JP2008007003A - Control device for hybrid vehicle - Google Patents

Abstract

A hybrid vehicle is reliably switched from a stopped state to a driving state.
A hybrid vehicle includes a high voltage battery that serves as a power source for a motor generator and a low voltage battery that serves as a power source for a starter motor and accessories, and the high voltage battery and the low voltage battery are connected via a converter. Is done. When the ignition switch is operated to the off side in order to switch the hybrid vehicle from the driving state to the stop state, the converter is switched to the operating state until the voltage of the low-voltage battery reaches the end-time voltage, and the electric power supplied from the high-voltage battery The low voltage battery is charged. As a result, the power of the low-voltage battery can be secured in preparation for the driving state of the vehicle, so that sufficient power is supplied to the starter motor and auxiliary equipment when the ignition switch is operated again. The vehicle can be quickly and reliably switched from the stopped state to the driving state.
[Selection] Figure 2

Description

  The present invention relates to a control apparatus for a hybrid vehicle that supplies power from a high voltage source to a low voltage source via a converter.

  Hybrid vehicles that use an engine and an electric motor as drive sources include a high-voltage battery (high voltage source) that supplies power to the electric motor, and a low-voltage battery (low voltage source) that supplies power to the starter motor and various accessories. ) And are installed. Further, a converter is provided between the high voltage battery and the low voltage battery, and power is supplied from the high voltage battery to the low voltage battery via this converter.

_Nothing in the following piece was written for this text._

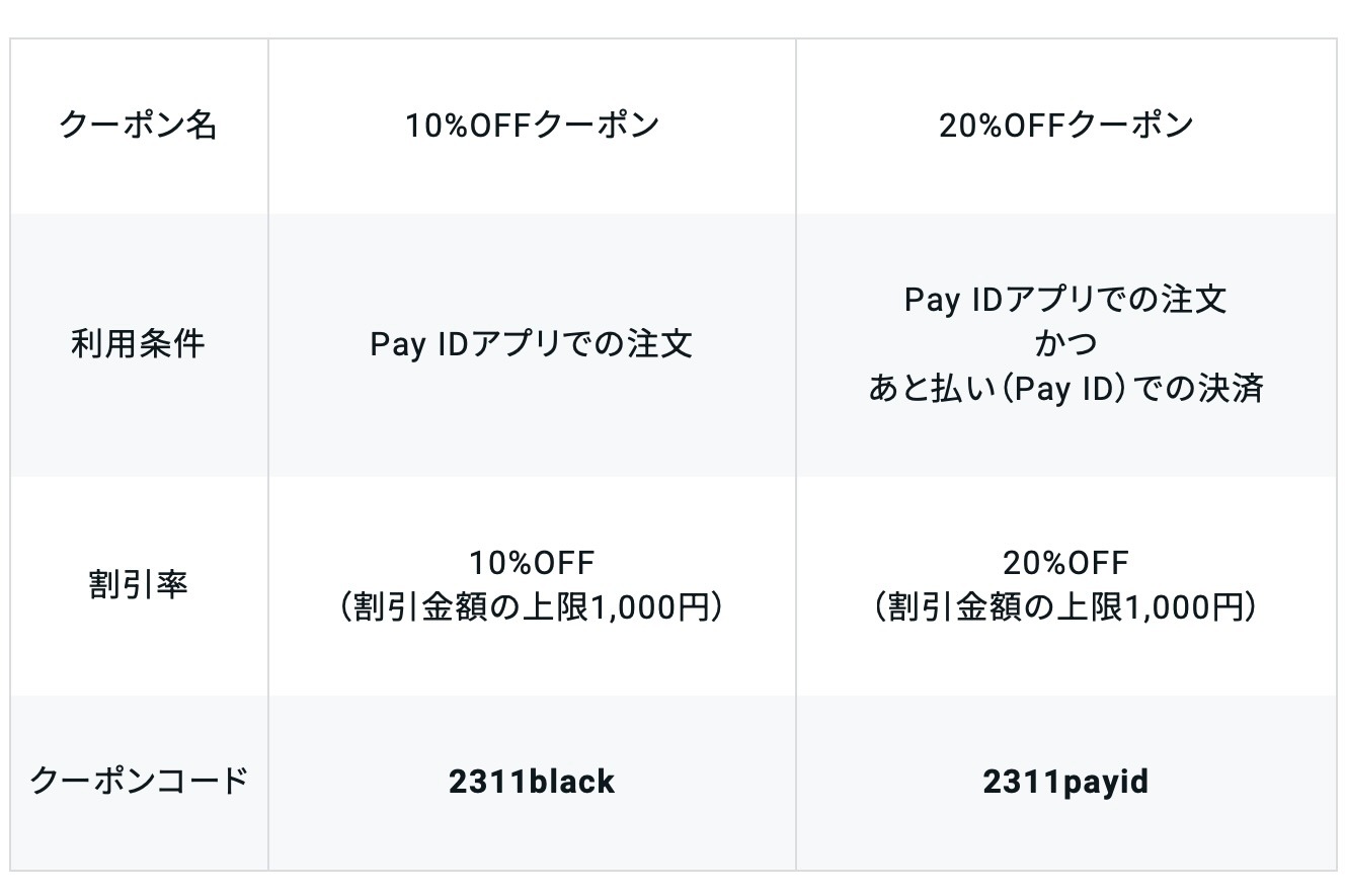 ②あと払い(Pay ID) 利用でお使いいただける20%OFFクーポン

  By the way, if the ignition switch is operated to the off side under the condition that the remaining capacity of the low voltage battery is reduced, the power supplied to the starter motor is insufficient even if the ignition switch is operated to the on side again. This may make it difficult to start the engine. In order to avoid such a situation, when the remaining capacity of the low voltage battery falls below a predetermined value, the low voltage battery is always controlled to be almost fully charged by operating the converter and charging the low voltage battery. It can be considered. However, controlling the low-voltage battery in a state that is almost fully charged at all times changes a part of the electric energy to heat energy, which causes a decrease in the energy efficiency of the hybrid vehicle.

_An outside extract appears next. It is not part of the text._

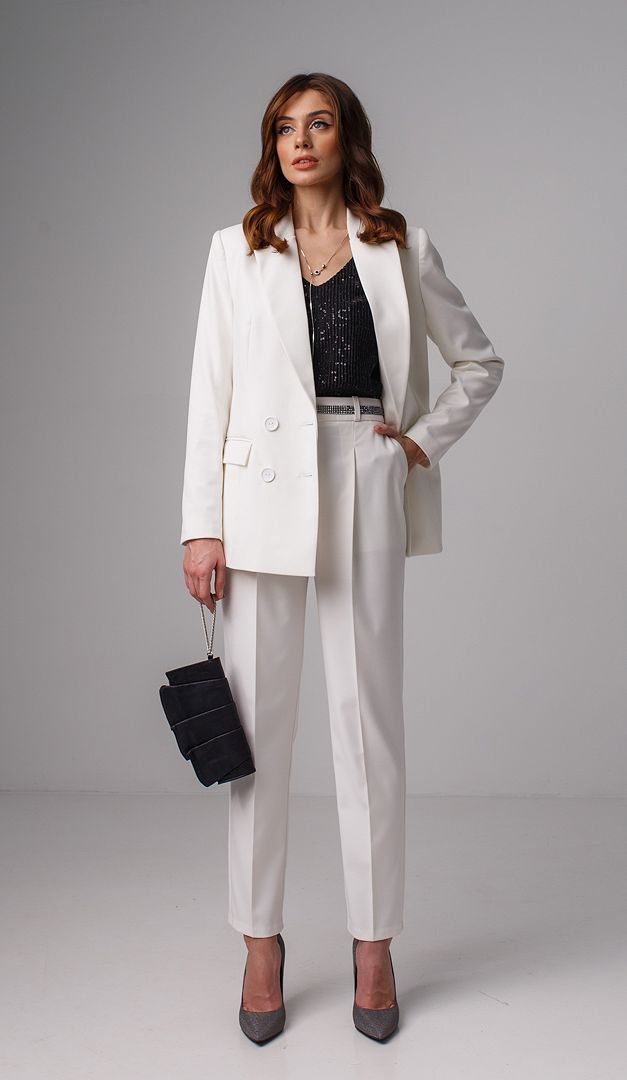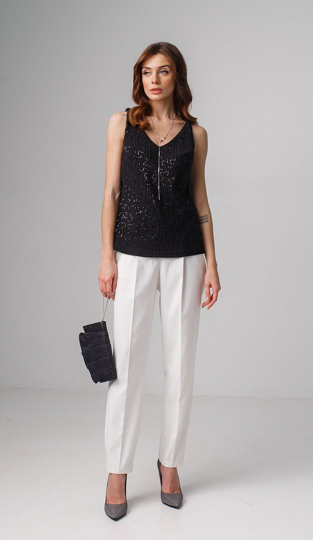 На фото создан образ с брюками с высокой посадкой молочными (арт.1836).

In addition, in order to start the engine reliably, a control device is proposed in which a low-voltage battery is charged before the starter motor is driven, as shown in Patent Document 1. In this control device, when it is determined that the remaining capacity of the low-voltage battery falls below a predetermined value when the ignition switch is operated to the on side, the converter is switched to the operating state before driving the starter motor. The low voltage battery is charged by the electric power supplied from the high voltage battery.
JP 2001-320807 A

  However, since the control device described in Patent Document 1 is configured to drive the starter motor after charging the low-voltage battery, the engine is started even in a situation where the engine should be started immediately. It was difficult. In addition, depending on the type of high-voltage battery, the voltage may drop significantly at extremely low temperatures, making it difficult to charge the low-voltage battery from the high-voltage battery, and securing the power necessary for starting the engine. May become difficult.

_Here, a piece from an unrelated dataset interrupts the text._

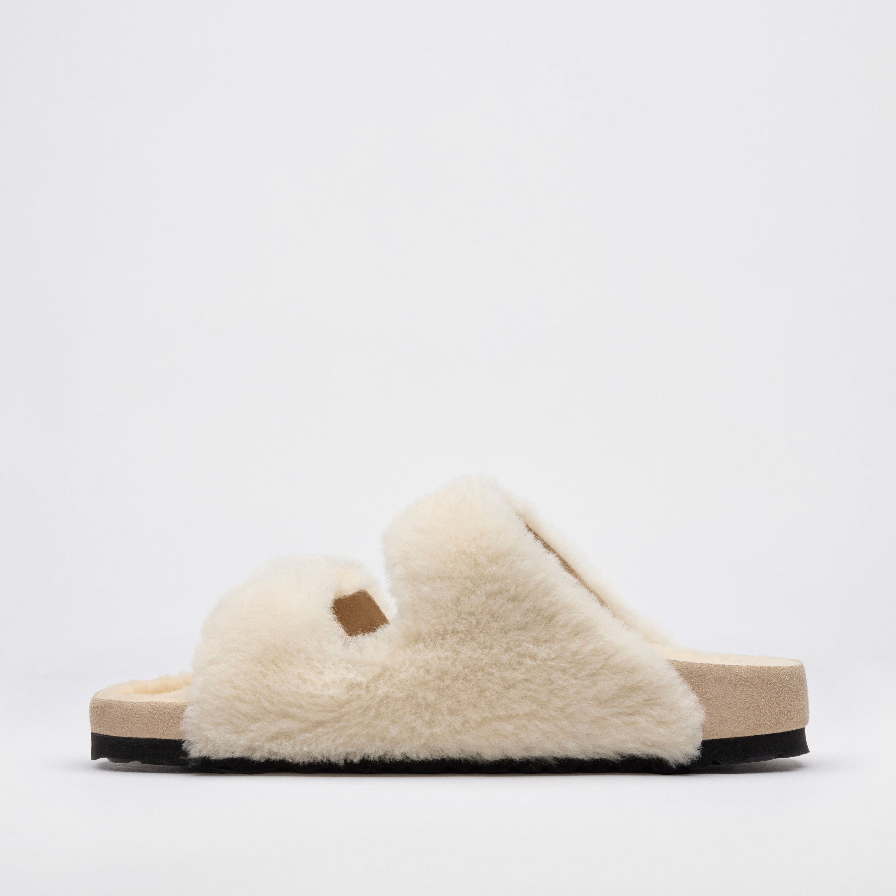 Diese Neuinterpretation des Arizona ist innen und außen mit Shearling überzogen, wodurch seine klassische Silhouette in Szene gesetzt wird. Erhältlich in den Farben Karamell und Creme, verfügt jedes Paar über eine exklusive silberne 1774-Schnalle. Das Modell verfügt außerdem über das legendäre BIRKENSTOCK Fußbett, das mit Shearling überzogen ist. Die Ränder des Fußbetts sind passend zum Obermaterial mit Veloursleder bezogen. Diese Ausführung vereint eine luxuriöse Textur mit einem zeitlosen Design.

  An object of the present invention is to quickly and surely switch a hybrid vehicle to a driving state by outputting sufficient electric power from a low voltage source when an ignition switch is operated to the on side.

  The hybrid vehicle control device of the present invention is a hybrid vehicle control device including a high voltage source and a low voltage source, and is provided between the high voltage source and the low voltage source. The converter that supplies power to the low voltage source, and when the vehicle is switched to a stop state by operating an ignition switch, if the voltage of the low voltage source falls below a predetermined value, the converter is kept in an operating state to maintain the high voltage Converter control means for supplying power from a voltage source to the low voltage source.

  The hybrid vehicle control device according to the present invention includes a start motor that starts and rotates an engine with electric power from the low voltage source, and the converter control means starts from the high voltage source to the low voltage source until a predetermined voltage is reached. By supplying electric power to the engine, the electric power required at the time of starting the engine is ensured.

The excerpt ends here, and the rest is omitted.